= Required action =
Write the data out verbatim.

= Record extracts =
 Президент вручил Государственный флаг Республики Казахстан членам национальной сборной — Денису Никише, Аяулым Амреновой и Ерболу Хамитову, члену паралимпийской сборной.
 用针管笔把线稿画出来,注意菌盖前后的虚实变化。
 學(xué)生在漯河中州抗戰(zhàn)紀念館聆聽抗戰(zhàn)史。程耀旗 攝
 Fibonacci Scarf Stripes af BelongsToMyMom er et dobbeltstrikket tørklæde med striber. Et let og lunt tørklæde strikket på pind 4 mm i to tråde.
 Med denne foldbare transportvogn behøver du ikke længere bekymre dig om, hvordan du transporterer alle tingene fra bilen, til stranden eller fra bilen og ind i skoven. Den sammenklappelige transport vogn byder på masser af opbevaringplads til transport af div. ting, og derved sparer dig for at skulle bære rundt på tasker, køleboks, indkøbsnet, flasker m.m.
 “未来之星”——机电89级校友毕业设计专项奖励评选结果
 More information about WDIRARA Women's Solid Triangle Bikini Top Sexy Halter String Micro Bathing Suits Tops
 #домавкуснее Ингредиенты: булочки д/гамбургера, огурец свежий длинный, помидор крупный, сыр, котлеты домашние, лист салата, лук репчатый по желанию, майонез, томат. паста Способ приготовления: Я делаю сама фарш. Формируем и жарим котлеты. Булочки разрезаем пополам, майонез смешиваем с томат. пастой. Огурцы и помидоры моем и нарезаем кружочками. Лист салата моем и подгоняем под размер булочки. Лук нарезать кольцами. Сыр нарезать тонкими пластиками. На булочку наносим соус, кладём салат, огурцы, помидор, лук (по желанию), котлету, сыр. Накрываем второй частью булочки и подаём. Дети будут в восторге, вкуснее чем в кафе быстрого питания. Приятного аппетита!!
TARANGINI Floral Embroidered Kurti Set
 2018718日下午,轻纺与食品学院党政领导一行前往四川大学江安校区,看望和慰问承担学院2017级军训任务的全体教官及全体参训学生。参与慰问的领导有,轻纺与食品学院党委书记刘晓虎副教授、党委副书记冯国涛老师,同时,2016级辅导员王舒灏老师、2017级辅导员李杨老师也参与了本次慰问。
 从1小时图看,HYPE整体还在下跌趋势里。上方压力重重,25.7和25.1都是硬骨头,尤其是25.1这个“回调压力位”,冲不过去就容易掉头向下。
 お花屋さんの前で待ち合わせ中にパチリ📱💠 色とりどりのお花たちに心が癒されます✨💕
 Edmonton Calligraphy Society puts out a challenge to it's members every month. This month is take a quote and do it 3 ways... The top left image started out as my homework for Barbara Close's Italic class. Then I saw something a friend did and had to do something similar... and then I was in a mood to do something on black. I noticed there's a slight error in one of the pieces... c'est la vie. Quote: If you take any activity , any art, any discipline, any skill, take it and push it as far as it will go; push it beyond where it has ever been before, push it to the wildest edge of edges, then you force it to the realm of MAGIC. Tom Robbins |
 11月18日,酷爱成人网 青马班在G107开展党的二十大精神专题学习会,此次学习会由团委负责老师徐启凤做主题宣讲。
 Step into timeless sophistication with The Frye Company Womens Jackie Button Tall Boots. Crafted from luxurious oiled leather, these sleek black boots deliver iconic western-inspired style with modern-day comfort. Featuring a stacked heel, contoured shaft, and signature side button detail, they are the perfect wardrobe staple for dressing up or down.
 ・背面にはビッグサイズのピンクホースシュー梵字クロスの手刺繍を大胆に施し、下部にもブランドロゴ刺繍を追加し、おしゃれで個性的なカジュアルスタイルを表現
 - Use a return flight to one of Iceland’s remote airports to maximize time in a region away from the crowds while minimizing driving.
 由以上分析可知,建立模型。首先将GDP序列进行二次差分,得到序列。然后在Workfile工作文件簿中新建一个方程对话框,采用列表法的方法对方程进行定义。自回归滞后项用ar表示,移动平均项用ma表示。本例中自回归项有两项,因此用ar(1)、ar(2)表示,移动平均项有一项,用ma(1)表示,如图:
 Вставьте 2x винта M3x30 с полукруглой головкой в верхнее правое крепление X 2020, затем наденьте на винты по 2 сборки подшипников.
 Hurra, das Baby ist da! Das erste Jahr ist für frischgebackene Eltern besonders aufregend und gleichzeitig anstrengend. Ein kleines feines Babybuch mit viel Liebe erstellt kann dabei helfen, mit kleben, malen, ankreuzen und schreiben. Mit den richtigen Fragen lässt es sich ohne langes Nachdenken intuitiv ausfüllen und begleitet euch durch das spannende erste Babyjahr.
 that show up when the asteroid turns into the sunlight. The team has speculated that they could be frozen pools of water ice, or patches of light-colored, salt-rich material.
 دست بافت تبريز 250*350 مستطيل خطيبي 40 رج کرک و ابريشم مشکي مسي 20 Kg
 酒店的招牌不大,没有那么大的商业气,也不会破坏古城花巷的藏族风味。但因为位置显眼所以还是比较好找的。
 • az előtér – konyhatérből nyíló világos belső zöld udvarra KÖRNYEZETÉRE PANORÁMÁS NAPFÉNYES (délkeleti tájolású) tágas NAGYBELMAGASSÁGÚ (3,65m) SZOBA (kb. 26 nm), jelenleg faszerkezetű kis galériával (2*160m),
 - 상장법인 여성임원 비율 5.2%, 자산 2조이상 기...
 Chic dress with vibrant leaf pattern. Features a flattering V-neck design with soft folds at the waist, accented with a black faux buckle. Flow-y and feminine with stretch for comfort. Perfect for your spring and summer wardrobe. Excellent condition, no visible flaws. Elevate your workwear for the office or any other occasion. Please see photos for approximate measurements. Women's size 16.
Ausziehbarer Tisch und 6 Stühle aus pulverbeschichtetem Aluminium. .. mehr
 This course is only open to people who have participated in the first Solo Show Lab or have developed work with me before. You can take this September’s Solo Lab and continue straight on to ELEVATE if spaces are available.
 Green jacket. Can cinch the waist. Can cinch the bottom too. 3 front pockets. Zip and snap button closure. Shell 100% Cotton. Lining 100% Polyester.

= Solution to this exercise =
 Президент вручил Государственный флаг Республики Казахстан членам национальной сборной — Денису Никише, Аяулым Амреновой и Ерболу Хамитову, члену паралимпийской сборной.
 用针管笔把线稿画出来,注意菌盖前后的虚实变化。
 學(xué)生在漯河中州抗戰(zhàn)紀念館聆聽抗戰(zhàn)史。程耀旗 攝
 Fibonacci Scarf Stripes af BelongsToMyMom er et dobbeltstrikket tørklæde med striber. Et let og lunt tørklæde strikket på pind 4 mm i to tråde.
 Med denne foldbare transportvogn behøver du ikke længere bekymre dig om, hvordan du transporterer alle tingene fra bilen, til stranden eller fra bilen og ind i skoven. Den sammenklappelige transport vogn byder på masser af opbevaringplads til transport af div. ting, og derved sparer dig for at skulle bære rundt på tasker, køleboks, indkøbsnet, flasker m.m.
 “未来之星”——机电89级校友毕业设计专项奖励评选结果
 More information about WDIRARA Women's Solid Triangle Bikini Top Sexy Halter String Micro Bathing Suits Tops
 #домавкуснее Ингредиенты: булочки д/гамбургера, огурец свежий длинный, помидор крупный, сыр, котлеты домашние, лист салата, лук репчатый по желанию, майонез, томат. паста Способ приготовления: Я делаю сама фарш. Формируем и жарим котлеты. Булочки разрезаем пополам, майонез смешиваем с томат. пастой. Огурцы и помидоры моем и нарезаем кружочками. Лист салата моем и подгоняем под размер булочки. Лук нарезать кольцами. Сыр нарезать тонкими пластиками. На булочку наносим соус, кладём салат, огурцы, помидор, лук (по желанию), котлету, сыр. Накрываем второй частью булочки и подаём. Дети будут в восторге, вкуснее чем в кафе быстрого питания. Приятного аппетита!!
TARANGINI Floral Embroidered Kurti Set
 2018718日下午,轻纺与食品学院党政领导一行前往四川大学江安校区,看望和慰问承担学院2017级军训任务的全体教官及全体参训学生。参与慰问的领导有,轻纺与食品学院党委书记刘晓虎副教授、党委副书记冯国涛老师,同时,2016级辅导员王舒灏老师、2017级辅导员李杨老师也参与了本次慰问。
 从1小时图看,HYPE整体还在下跌趋势里。上方压力重重,25.7和25.1都是硬骨头,尤其是25.1这个“回调压力位”,冲不过去就容易掉头向下。
 お花屋さんの前で待ち合わせ中にパチリ📱💠 色とりどりのお花たちに心が癒されます✨💕
 Edmonton Calligraphy Society puts out a challenge to it's members every month. This month is take a quote and do it 3 ways... The top left image started out as my homework for Barbara Close's Italic class. Then I saw something a friend did and had to do something similar... and then I was in a mood to do something on black. I noticed there's a slight error in one of the pieces... c'est la vie. Quote: If you take any activity , any art, any discipline, any skill, take it and push it as far as it will go; push it beyond where it has ever been before, push it to the wildest edge of edges, then you force it to the realm of MAGIC. Tom Robbins |
 11月18日,酷爱成人网 青马班在G107开展党的二十大精神专题学习会,此次学习会由团委负责老师徐启凤做主题宣讲。
 Step into timeless sophistication with The Frye Company Womens Jackie Button Tall Boots. Crafted from luxurious oiled leather, these sleek black boots deliver iconic western-inspired style with modern-day comfort. Featuring a stacked heel, contoured shaft, and signature side button detail, they are the perfect wardrobe staple for dressing up or down.
 ・背面にはビッグサイズのピンクホースシュー梵字クロスの手刺繍を大胆に施し、下部にもブランドロゴ刺繍を追加し、おしゃれで個性的なカジュアルスタイルを表現
 - Use a return flight to one of Iceland’s remote airports to maximize time in a region away from the crowds while minimizing driving.
 由以上分析可知,建立模型。首先将GDP序列进行二次差分,得到序列。然后在Workfile工作文件簿中新建一个方程对话框,采用列表法的方法对方程进行定义。自回归滞后项用ar表示,移动平均项用ma表示。本例中自回归项有两项,因此用ar(1)、ar(2)表示,移动平均项有一项,用ma(1)表示,如图:
 Вставьте 2x винта M3x30 с полукруглой головкой в верхнее правое крепление X 2020, затем наденьте на винты по 2 сборки подшипников.
 Hurra, das Baby ist da! Das erste Jahr ist für frischgebackene Eltern besonders aufregend und gleichzeitig anstrengend. Ein kleines feines Babybuch mit viel Liebe erstellt kann dabei helfen, mit kleben, malen, ankreuzen und schreiben. Mit den richtigen Fragen lässt es sich ohne langes Nachdenken intuitiv ausfüllen und begleitet euch durch das spannende erste Babyjahr.
 that show up when the asteroid turns into the sunlight. The team has speculated that they could be frozen pools of water ice, or patches of light-colored, salt-rich material.
 دست بافت تبريز 250*350 مستطيل خطيبي 40 رج کرک و ابريشم مشکي مسي 20 Kg
 酒店的招牌不大,没有那么大的商业气,也不会破坏古城花巷的藏族风味。但因为位置显眼所以还是比较好找的。
 • az előtér – konyhatérből nyíló világos belső zöld udvarra KÖRNYEZETÉRE PANORÁMÁS NAPFÉNYES (délkeleti tájolású) tágas NAGYBELMAGASSÁGÚ (3,65m) SZOBA (kb. 26 nm), jelenleg faszerkezetű kis galériával (2*160m),
 - 상장법인 여성임원 비율 5.2%, 자산 2조이상 기...
 Chic dress with vibrant leaf pattern. Features a flattering V-neck design with soft folds at the waist, accented with a black faux buckle. Flow-y and feminine with stretch for comfort. Perfect for your spring and summer wardrobe. Excellent condition, no visible flaws. Elevate your workwear for the office or any other occasion. Please see photos for approximate measurements. Women's size 16.
Ausziehbarer Tisch und 6 Stühle aus pulverbeschichtetem Aluminium. .. mehr
 This course is only open to people who have participated in the first Solo Show Lab or have developed work with me before. You can take this September’s Solo Lab and continue straight on to ELEVATE if spaces are available.
 Green jacket. Can cinch the waist. Can cinch the bottom too. 3 front pockets. Zip and snap button closure. Shell 100% Cotton. Lining 100% Polyester.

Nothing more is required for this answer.